Dataset excerpts:
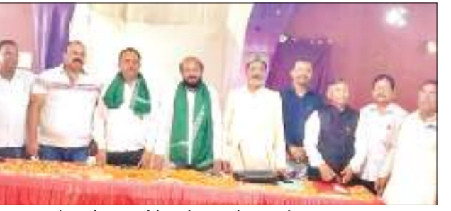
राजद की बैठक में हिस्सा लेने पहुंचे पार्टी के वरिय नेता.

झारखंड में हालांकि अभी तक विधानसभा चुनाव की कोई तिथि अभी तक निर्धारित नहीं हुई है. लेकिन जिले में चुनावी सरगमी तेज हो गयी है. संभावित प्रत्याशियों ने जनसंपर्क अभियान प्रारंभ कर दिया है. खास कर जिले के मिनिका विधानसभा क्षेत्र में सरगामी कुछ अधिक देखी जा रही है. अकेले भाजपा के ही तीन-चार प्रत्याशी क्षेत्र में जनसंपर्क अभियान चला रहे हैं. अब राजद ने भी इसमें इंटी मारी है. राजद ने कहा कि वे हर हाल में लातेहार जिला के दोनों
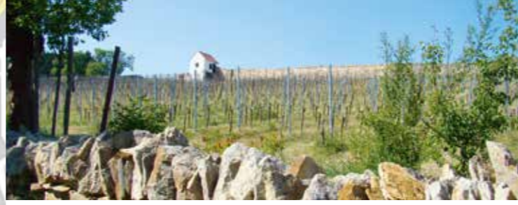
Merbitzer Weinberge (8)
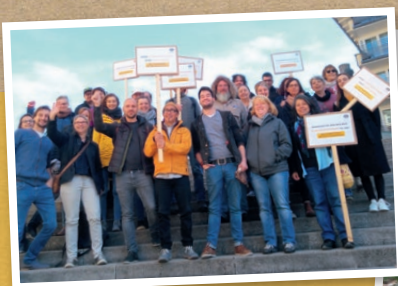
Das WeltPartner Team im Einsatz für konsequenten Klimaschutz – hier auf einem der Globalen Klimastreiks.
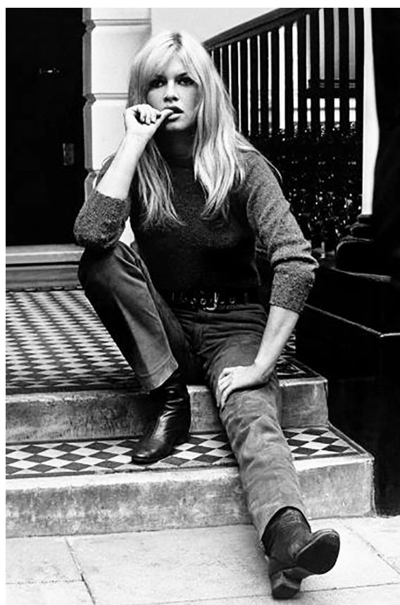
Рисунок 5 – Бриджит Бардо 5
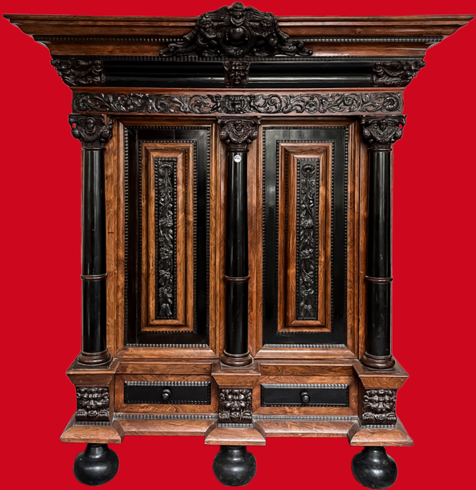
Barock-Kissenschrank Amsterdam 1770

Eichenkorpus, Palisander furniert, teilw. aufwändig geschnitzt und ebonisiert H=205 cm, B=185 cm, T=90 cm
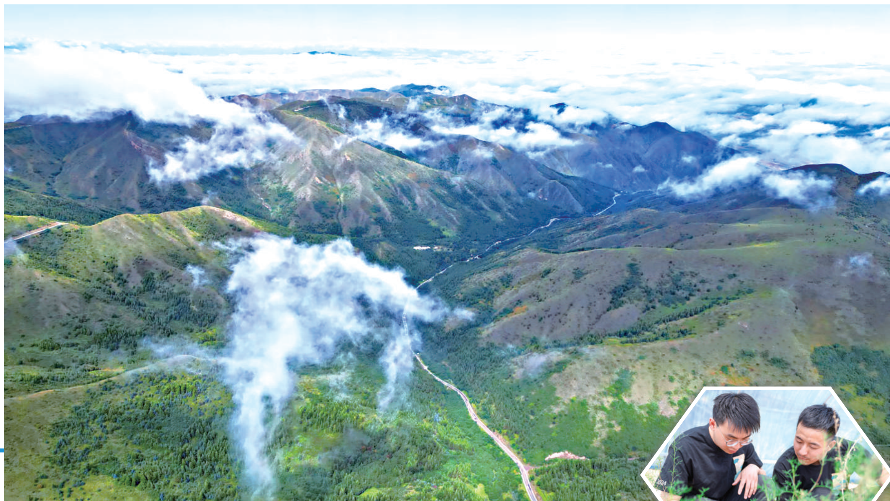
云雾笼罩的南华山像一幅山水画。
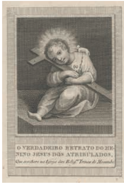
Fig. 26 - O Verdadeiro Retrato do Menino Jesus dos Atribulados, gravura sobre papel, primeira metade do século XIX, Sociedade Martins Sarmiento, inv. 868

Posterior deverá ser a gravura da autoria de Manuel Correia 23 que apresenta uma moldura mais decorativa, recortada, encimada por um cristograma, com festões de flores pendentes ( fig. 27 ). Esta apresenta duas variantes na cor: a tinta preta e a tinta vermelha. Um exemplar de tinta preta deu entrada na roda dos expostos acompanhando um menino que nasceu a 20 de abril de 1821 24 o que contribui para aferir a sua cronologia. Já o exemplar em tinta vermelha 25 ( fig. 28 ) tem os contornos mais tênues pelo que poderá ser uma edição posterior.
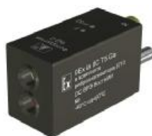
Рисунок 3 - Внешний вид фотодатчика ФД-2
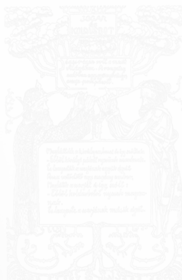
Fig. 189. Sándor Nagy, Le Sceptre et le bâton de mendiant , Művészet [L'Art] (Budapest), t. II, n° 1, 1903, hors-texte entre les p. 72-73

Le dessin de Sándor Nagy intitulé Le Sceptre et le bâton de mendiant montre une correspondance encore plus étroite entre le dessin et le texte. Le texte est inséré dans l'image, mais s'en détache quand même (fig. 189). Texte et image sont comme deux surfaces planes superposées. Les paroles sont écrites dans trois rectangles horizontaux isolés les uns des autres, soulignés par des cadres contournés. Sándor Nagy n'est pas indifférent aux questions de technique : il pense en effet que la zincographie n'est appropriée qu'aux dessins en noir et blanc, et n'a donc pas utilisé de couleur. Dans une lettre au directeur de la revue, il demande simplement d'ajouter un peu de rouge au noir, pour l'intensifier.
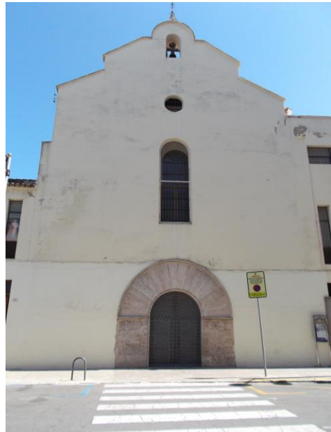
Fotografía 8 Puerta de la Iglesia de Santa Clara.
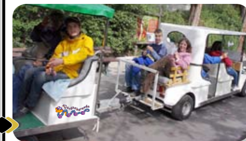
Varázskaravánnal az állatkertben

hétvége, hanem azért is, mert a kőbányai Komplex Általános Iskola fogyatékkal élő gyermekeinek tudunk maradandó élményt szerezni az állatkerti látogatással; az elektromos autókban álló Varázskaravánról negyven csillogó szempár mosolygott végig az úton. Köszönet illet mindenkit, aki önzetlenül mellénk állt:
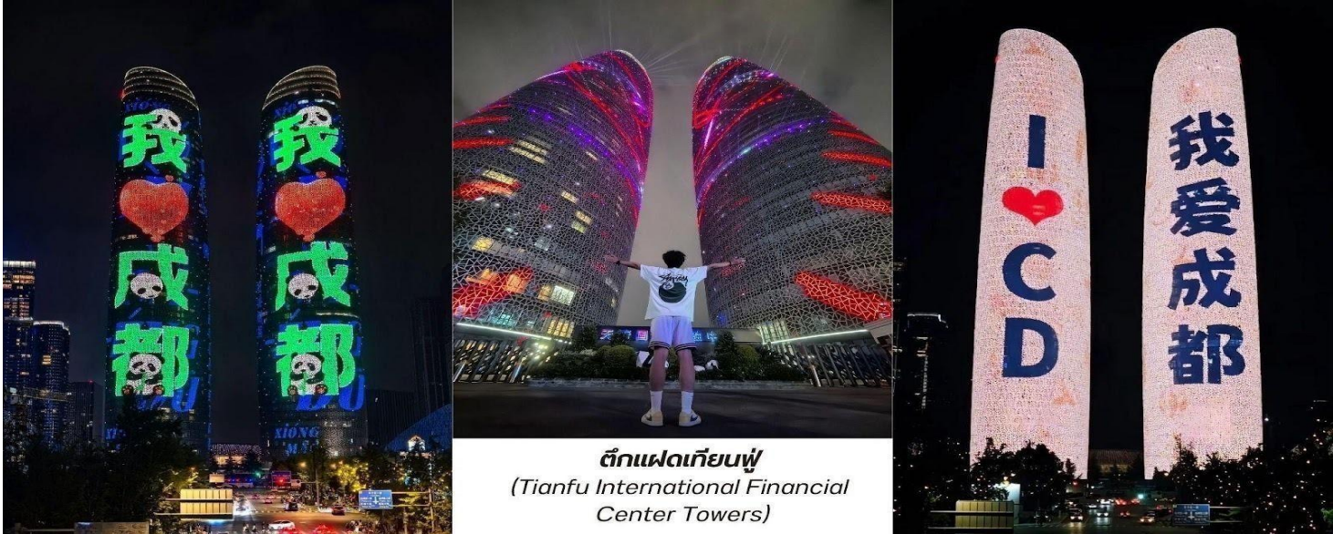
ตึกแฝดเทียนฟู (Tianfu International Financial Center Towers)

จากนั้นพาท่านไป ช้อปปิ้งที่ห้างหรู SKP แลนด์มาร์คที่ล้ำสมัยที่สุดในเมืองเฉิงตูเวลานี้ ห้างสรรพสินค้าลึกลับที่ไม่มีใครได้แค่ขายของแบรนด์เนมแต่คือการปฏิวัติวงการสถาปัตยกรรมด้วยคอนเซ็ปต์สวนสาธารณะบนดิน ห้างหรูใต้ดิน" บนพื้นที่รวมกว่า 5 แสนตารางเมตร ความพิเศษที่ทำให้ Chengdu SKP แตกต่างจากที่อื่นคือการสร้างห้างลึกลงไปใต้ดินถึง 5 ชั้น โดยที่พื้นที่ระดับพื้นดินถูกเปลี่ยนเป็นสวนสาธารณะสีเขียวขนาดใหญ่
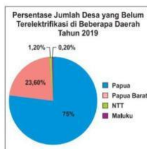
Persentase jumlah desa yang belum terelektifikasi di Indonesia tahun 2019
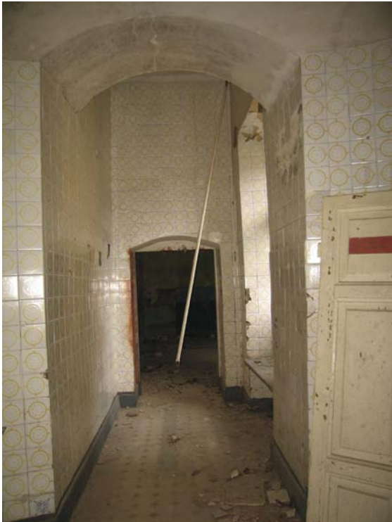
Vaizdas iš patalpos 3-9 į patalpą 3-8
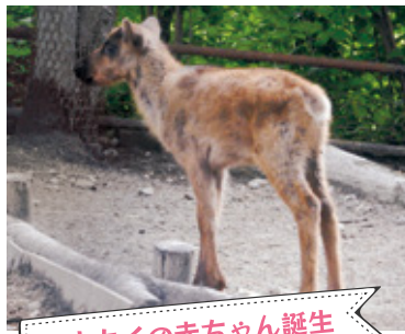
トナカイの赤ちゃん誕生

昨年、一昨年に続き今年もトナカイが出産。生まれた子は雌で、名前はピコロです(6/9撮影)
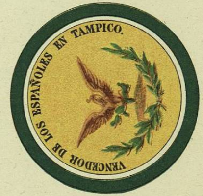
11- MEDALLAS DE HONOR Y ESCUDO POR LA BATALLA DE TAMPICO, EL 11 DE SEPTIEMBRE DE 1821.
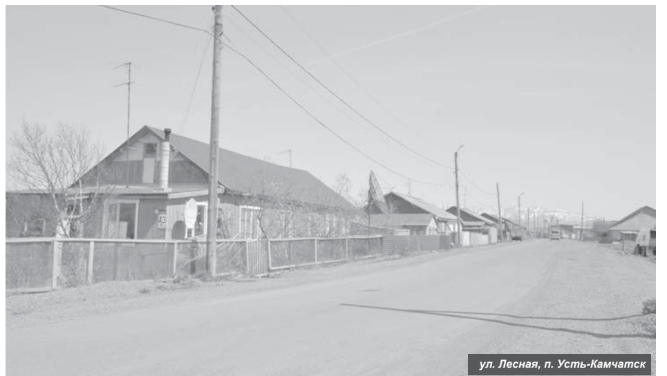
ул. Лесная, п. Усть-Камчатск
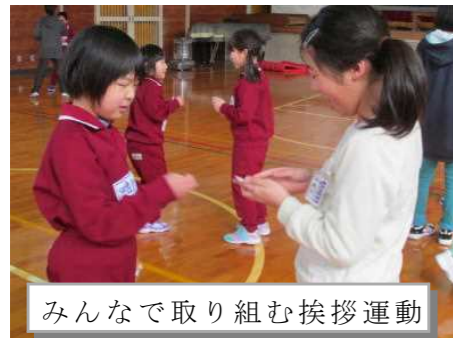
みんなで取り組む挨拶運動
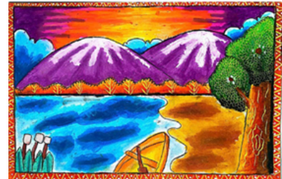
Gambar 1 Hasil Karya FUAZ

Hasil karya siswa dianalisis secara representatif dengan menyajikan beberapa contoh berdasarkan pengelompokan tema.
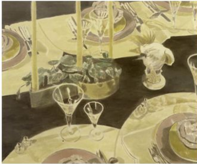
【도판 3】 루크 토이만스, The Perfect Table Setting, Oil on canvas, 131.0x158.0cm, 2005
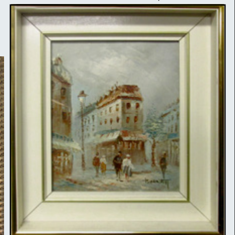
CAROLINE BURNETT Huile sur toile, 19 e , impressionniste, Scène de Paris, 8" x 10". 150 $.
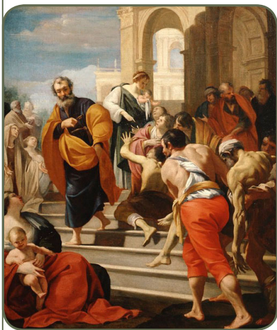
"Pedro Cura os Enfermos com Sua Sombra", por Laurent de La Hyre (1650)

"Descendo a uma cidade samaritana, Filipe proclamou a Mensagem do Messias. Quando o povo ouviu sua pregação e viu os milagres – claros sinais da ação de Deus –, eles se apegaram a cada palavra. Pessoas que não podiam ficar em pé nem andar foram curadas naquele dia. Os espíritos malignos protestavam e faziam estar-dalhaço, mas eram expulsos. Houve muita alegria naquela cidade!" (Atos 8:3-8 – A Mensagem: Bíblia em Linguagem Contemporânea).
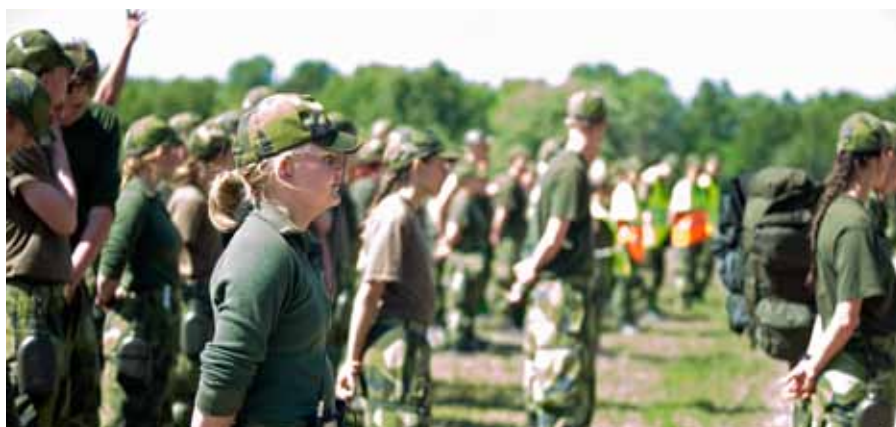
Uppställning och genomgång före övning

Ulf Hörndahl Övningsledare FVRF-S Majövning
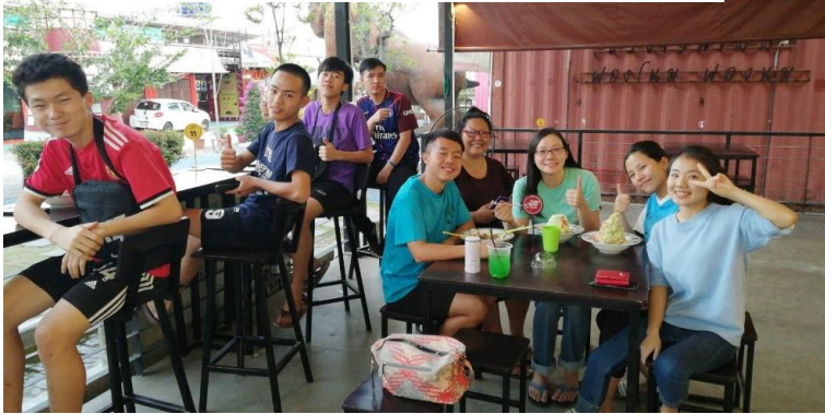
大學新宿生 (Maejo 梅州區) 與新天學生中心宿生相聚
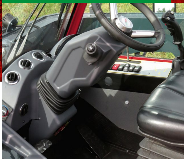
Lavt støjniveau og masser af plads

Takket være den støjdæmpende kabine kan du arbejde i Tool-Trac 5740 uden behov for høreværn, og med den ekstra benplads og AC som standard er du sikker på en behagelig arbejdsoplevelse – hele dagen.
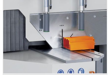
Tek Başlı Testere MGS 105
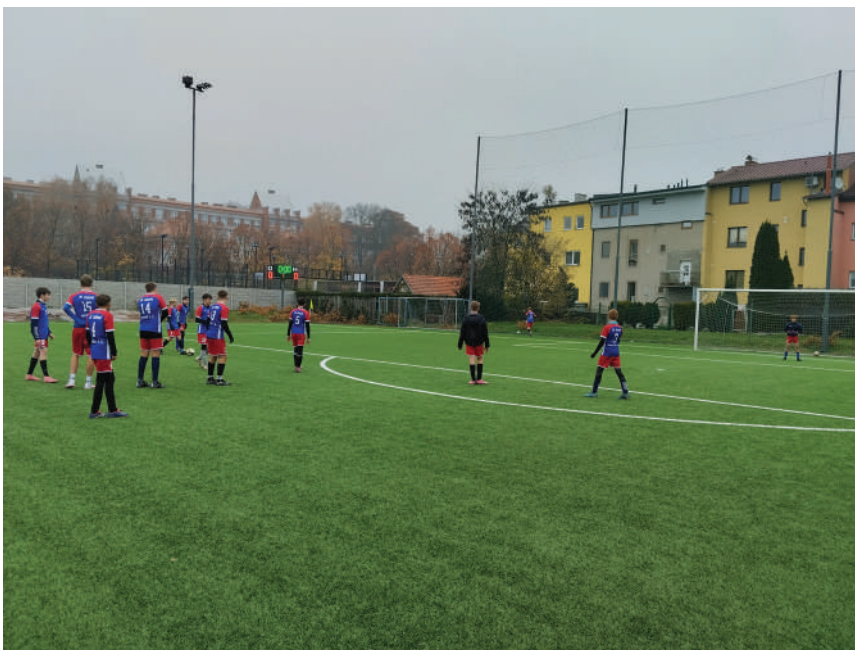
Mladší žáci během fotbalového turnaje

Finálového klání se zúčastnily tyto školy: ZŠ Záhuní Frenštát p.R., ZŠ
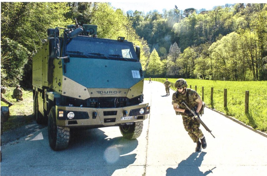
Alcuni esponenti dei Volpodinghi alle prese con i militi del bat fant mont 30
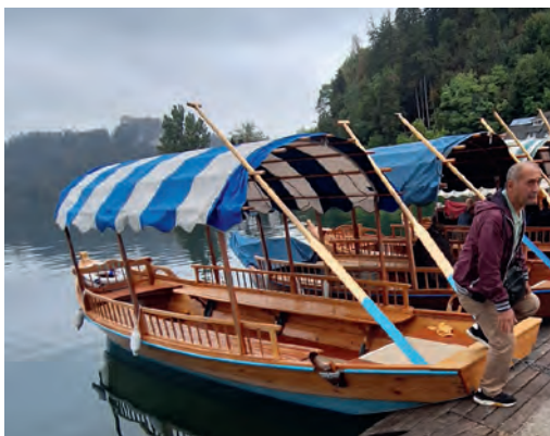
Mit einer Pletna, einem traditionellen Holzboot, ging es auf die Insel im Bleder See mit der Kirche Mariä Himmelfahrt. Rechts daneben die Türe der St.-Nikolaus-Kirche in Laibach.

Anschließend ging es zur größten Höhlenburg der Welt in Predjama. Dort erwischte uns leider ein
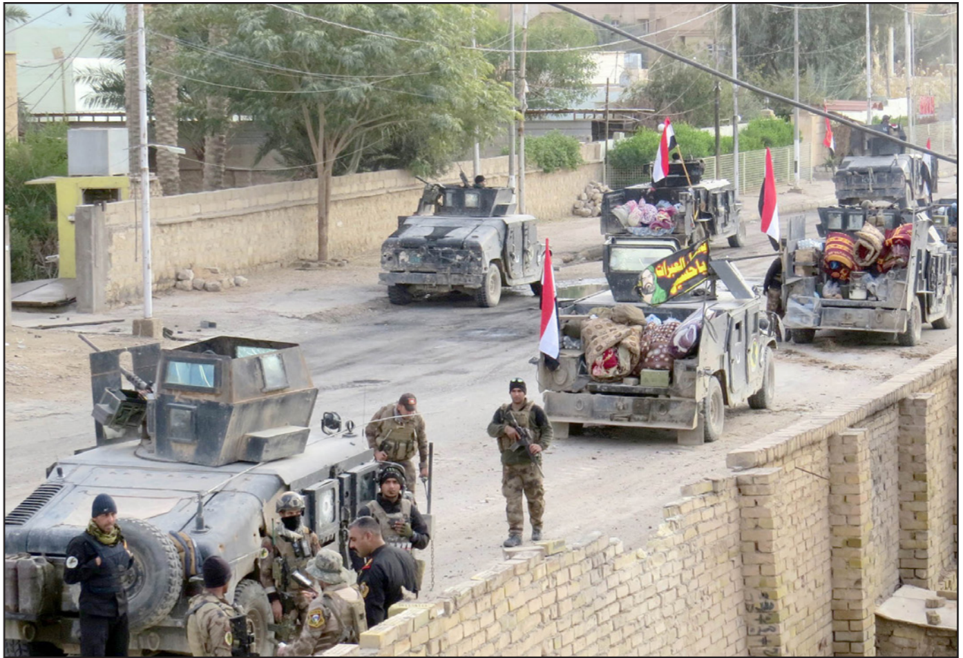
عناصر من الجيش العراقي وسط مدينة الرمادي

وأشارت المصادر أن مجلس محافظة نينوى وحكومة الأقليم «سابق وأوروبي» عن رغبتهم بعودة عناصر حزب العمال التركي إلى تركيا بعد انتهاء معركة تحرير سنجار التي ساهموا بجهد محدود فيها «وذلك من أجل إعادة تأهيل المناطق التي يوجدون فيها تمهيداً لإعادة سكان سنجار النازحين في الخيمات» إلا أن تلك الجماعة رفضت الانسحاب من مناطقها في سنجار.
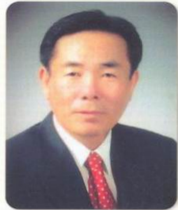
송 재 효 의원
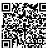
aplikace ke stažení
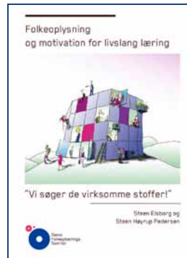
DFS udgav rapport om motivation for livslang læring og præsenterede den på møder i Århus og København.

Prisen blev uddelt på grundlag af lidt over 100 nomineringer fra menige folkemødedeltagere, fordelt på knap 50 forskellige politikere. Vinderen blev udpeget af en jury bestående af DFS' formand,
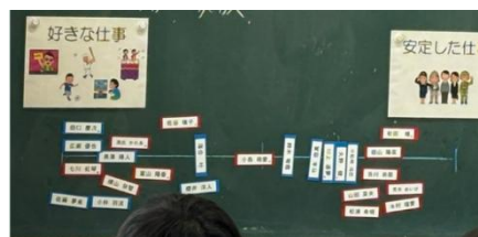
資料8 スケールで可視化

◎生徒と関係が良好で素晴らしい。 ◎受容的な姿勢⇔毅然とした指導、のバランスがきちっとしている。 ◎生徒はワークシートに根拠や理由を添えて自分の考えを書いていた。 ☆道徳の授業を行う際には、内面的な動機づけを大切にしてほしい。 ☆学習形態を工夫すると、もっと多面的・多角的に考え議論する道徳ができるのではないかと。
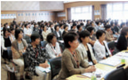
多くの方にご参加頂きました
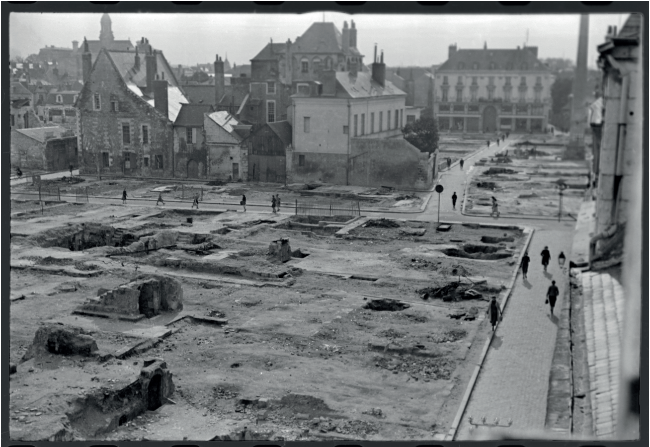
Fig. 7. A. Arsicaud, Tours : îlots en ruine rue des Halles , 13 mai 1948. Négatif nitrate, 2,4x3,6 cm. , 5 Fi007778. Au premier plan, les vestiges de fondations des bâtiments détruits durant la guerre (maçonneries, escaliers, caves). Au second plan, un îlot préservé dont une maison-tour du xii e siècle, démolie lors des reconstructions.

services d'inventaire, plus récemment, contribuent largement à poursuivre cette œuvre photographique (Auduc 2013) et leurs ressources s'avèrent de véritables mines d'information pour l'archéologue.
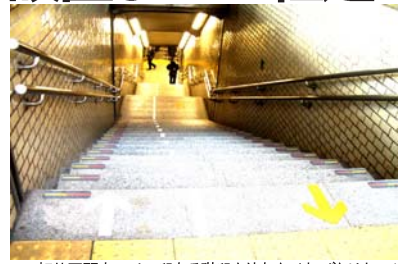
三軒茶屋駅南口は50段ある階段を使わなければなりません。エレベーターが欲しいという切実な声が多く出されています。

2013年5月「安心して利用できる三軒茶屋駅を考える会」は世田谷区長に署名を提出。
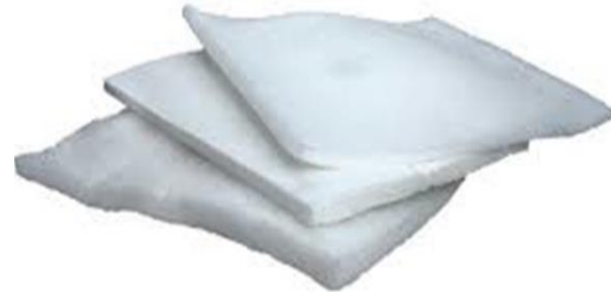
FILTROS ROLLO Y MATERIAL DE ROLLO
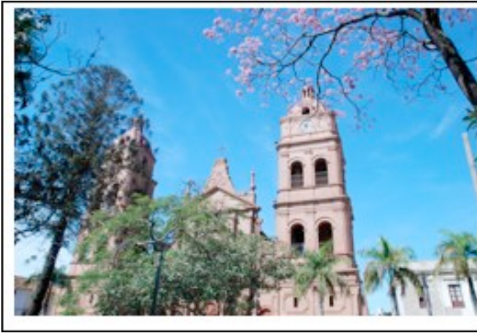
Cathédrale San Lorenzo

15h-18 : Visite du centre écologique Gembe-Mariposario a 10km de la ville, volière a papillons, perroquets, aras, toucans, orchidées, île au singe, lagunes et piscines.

**Instructions to follow:**
Go back to the lines above and output, exactly as they stand, the ones from the line containing "ул. Лесная, п. Усть-Камчатск" to the line containing "大學新宿生 (Maejo 梅州區) 與新天學生中心宿生相聚". Leave all pictures behind.

**Answer area:**
ул. Лесная, п. Усть-Камчатск
みんなで取り組む挨拶運動
Gambar 1 Hasil Karya FUAZ

Hasil karya siswa dianalisis secara representatif dengan menyajikan beberapa contoh berdasarkan pengelompokan tema.
【도판 3】 루크 토이만스, The Perfect Table Setting, Oil on canvas, 131.0x158.0cm, 2005
CAROLINE BURNETT Huile sur toile, 19 e , impressionniste, Scène de Paris, 8" x 10". 150 $.
"Pedro Cura os Enfermos com Sua Sombra", por Laurent de La Hyre (1650)

"Descendo a uma cidade samaritana, Filipe proclamou a Mensagem do Messias. Quando o povo ouviu sua pregação e viu os milagres – claros sinais da ação de Deus –, eles se apegaram a cada palavra. Pessoas que não podiam ficar em pé nem andar foram curadas naquele dia. Os espíritos malignos protestavam e faziam estar-dalhaço, mas eram expulsos. Houve muita alegria naquela cidade!" (Atos 8:3-8 – A Mensagem: Bíblia em Linguagem Contemporânea).
Uppställning och genomgång före övning

Ulf Hörndahl Övningsledare FVRF-S Majövning
大學新宿生 (Maejo 梅州區) 與新天學生中心宿生相聚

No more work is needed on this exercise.